En matière d’assistance éducative, il est à relever :

– la possibilité pour le juge de prendre un certain nombre de décisions, sans audition des parties ;
– la modification des délais sur les mesures provisoires afin de permettre l’organisation des audiences nécessaires, notamment après une ordonnance de placement provisoire et de ne pas risquer l’interruption d’une mesure de placement provisoire et un retour en famille aux risques et périls de l’enfant au motif d’un délai de procédure dépassé ;
– la possibilité pour le juge de suspendre ou modifier les droits de visite et d’hébergement, sans audience et par décision motivée, le maintien des liens entre l’enfant et la famille étant conservé par tout moyen ;
– la possibilité pour le juge des enfants de tenir les audiences civiles en ayant recours à un moyen de communication audiovisuelle ;
– l’aménagement des modalités de convocation et de notification des décisions. Il aménage également les conditions de contreseing des seules décisions – suspension ou modification – des droits de visite et d’hébergement pour les enfants confiés pour la seule période de l’état d’urgence décidé afin de prendre les décisions en urgence pour garantir la sécurité des enfants, des parents et des personnels et satisfaire aux exigences liées au confinement.
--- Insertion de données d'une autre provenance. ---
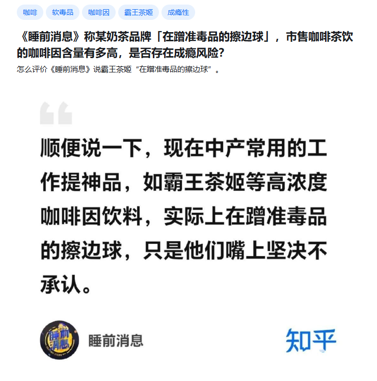 据了解,该话题由知乎博主睡前消息(B站:马督工)发起,该博主表示:现在中产常用的工作提神品,如霸王茶姬等高浓度咖啡因饮料,实际上是在蹭准毒品的擦边球,只是他们嘴上坚决不承认。此消息发出后得到了众多网友关注与讨论,其中,一位网友拿魔爪饮料举例,他称:毒品有明确定义,软毒品没有,只要和毒品具备类似性质的东西都可以算作,只是程度不同罢了,烟酒、槟榔等,本就是准毒品的擦边球。魔爪的咖啡因含量在30mg/100ml这个水平,与霸王茶姬不少款奶茶差不多,甚至还有不少奶茶比该含量还要高。
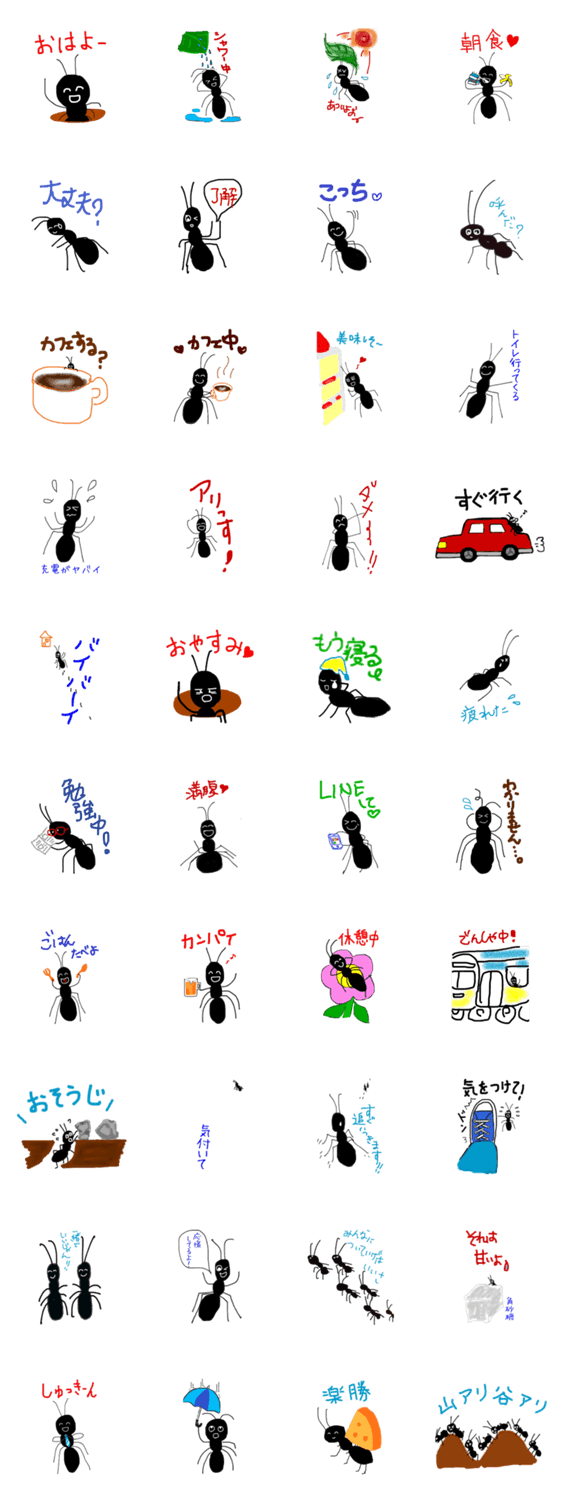 アリたちが繰り広げるシュールでちょっとかわいい日常会話に使える便利なスタンプです。どうぞよろしくお願い致します。
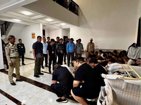 昨天,根据省长芒辛内阁下的命令,西哈努克省联合指挥部在省副省长敏肯帕先生的领导下,在省法院副检察官蔡索特拉先生的协调下,对西哈努克省磅逊市里姆分区翁村的Borey Silong Be地区开展了打击网络诈骗和非法外国人入境的行动。
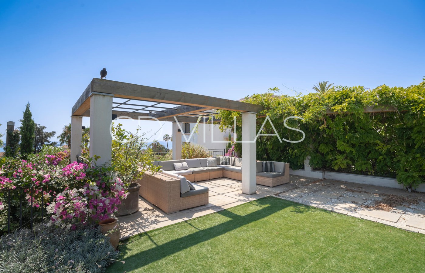 The exteriors ooze the essence of the French Riviera. There are several terraces, an inviting outside living room and beautiful pool. Secure off street parking is available for several cars.
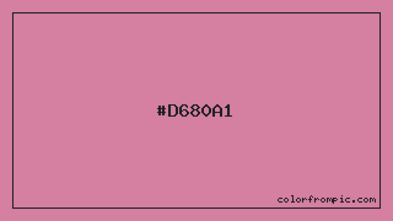 The approximate CMYK value of #D680A1 is C:0% M:40% Y:25% K:16%. CMYK (Cyan, Magenta, Yellow, Key/Black) is the color model used in physical printing. Unlike RGB which mixes light additively on screens, CMYK mixes inks subtractively on paper. Note that the RGB-to-CMYK conversion is an approximation — screen colors and print colors exist in different color gamuts, and some screen colors cannot be exactly reproduced in print. For precise print work, consult a professional print color profile or Pantone matching system.
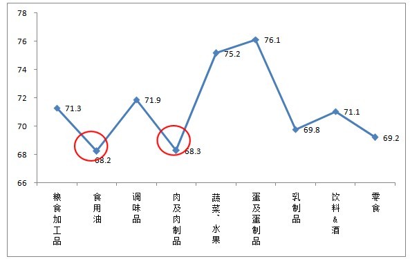進(jìn)一步分析發(fā)現,6000元以上高收入人群對食用油、肉及肉制品這兩類(lèi)食品的安全信心指數最低,直接影響了對食品安全現狀整體的信任度。

Enfin, il est à relever le prolongement de la trêve hivernale applicable en matière d’expulsion jusqu’au 31 mai 2020.

En pratique, il conviendra de s’assurer de l’effectivité de ces mesures, étant par exemple impossible actuellement pour les avocats de déposer leur dossier dans le cadre des procédures écrites ce qui engendre le renvoi systématique des dossiers.

Par ailleurs, il est important que ces mesures soient limitées dans le temps car certaines qui écartent tout débat contradictoire ne sont pas acceptables, d’autant qu’il existe de nos jours des moyens techniques permettant de tenir des audiences à distance.